Healthy Foods that Keep You Full
Hunger pangs remain the biggest deterrent to our
calorie-limiting schedules, making it hard to lose those unwanted pounds.
However, if you can eat healthy, non-fattening foods that keep you feeling
fuller for a longer time, chances are that you will snack less through the day.
Some of the healthier food choices that help to sustain the fuller feeling and
prevent hunger pangs have been listed below:
Eggs for Breakfast: Eggs are the perfect
breakfast time. For starters, eggs are loaded with protein which needs a longer
time to get fully digested. Two eggs, when eaten in the boiled or omelet form,
comprise a healthy breakfast, of course, along with a few slices of whole grain
bread.
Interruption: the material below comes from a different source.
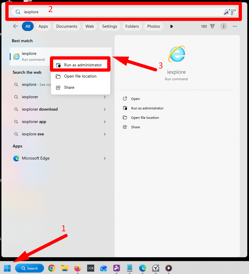 b. Right Click and select “Run as administrator”. This will run a command that opens the Internet Explorer browser.

This combination of protein and complex carbohydrates helps to prevent
spikes in blood sugar levels and keeps the digestive system engaged for a
longer period, preventing you from feeling
hungry soon.
Soups for Midday Meals: Some cultures suggest that
soups are appetizers. However, this doesn’t need to be true if you consume more
than average amount of soup and that too, the natural variety, consisting of
lots of vegetables. Eating or sipping upon soup induces the feeling parallel to
having a two-course meal. This helps the brain in perceiving that you are going
through a proper meal. Around two bowls of vegetable soup to which some spicy
condiments have been added are perfect for keeping you satiated for at least a
few hours. The water content of soups ensures that you feel a bit heavy.
However, this isn't the kind of heaviness associated with overeating.
Fiber-rich soups, like those made from spinach, are particularly good for
this
cause.
Whole Grains for All Major
Meals: Eating
whole wheat or multi-grain bread or rotis is recommended since complex
carbohydrates release glucose slowly. Slower release of glucose means that
sugar levels are kept at a constant. Since there are no spikes or dips in sugar
levels, there is lesser chance of being hit by a sugar craving. Further, whole
grains are among the best sources of various types
of Vitamin B.
Citrus Fruits: Citrus fruits, like
lemon, guavas and grapes, are rich in vitamin C and fiber. While fiber
helps to keep the intestines busy for a longer time, the high
concentration of vitamin C is used for the body’s fat burning processes.
Vitamin C is also required for stimulating formation of critical amino
acids like Carnitine. This tends to fasten the body’s metabolism, ensuring
that metabolic processes are kept busy, helping to overcome the hunger
pangs. The high water content in most citrus fruits induces that typical,
feeling of being quenched, which delays feeling hungry, again.
Low-Fat Yogurt Anytime of the
Day: Yogurt or
the humble Dahi, made from low-fat milk, is the perfect, around-the-clock kind
of food. For starters, the low-fat variety too has a certain degree of
creaminess to it. This tends to coat your tonsils, inducing the feeling of
having eaten something substantial. Yogurt also induces a unique kind of
aftertaste that turns-off the temptation to eat something else for some time.
Further, yogurt provides the much needed dosage of healthy bacteria for better
digestion and calcium for
stronger bones.
The Anytime Wonder—Oatmeal: Oatmeal is among the most
recommended of complex carbohydrate options that helps to keep you fuller
without inducing a calorie overload. It can be eaten for breakfast or lunch. It
takes the digestive system much longer to break down the complex fiber present
within oatmeal. This helps to regulate the insulin levels, keeping you satiated
for a longer time. Boiled oatmeal mixed with yogurt is the perfect, low-calorie
choice that can keep you fuller for many hours.
Green Veggies: Some veggies have a very
high concentration of soluble and insoluble fiber along with having a thermic
effect. This refers to the overall effort exerted by the body in digesting
foods. While proteins have a very high thermic effect, veggies like Spinach too
have a high thermic value. When the metabolic processes are busy, trying to
digest such foods, the tendency to feel hungry is automatically reduced.
Further, more calories are burned in digesting such foods, which means they
contribute to your weight-management goals! The idea is here to use Food itself
as a tool for eating lesser, burning more calories and remaining healthier.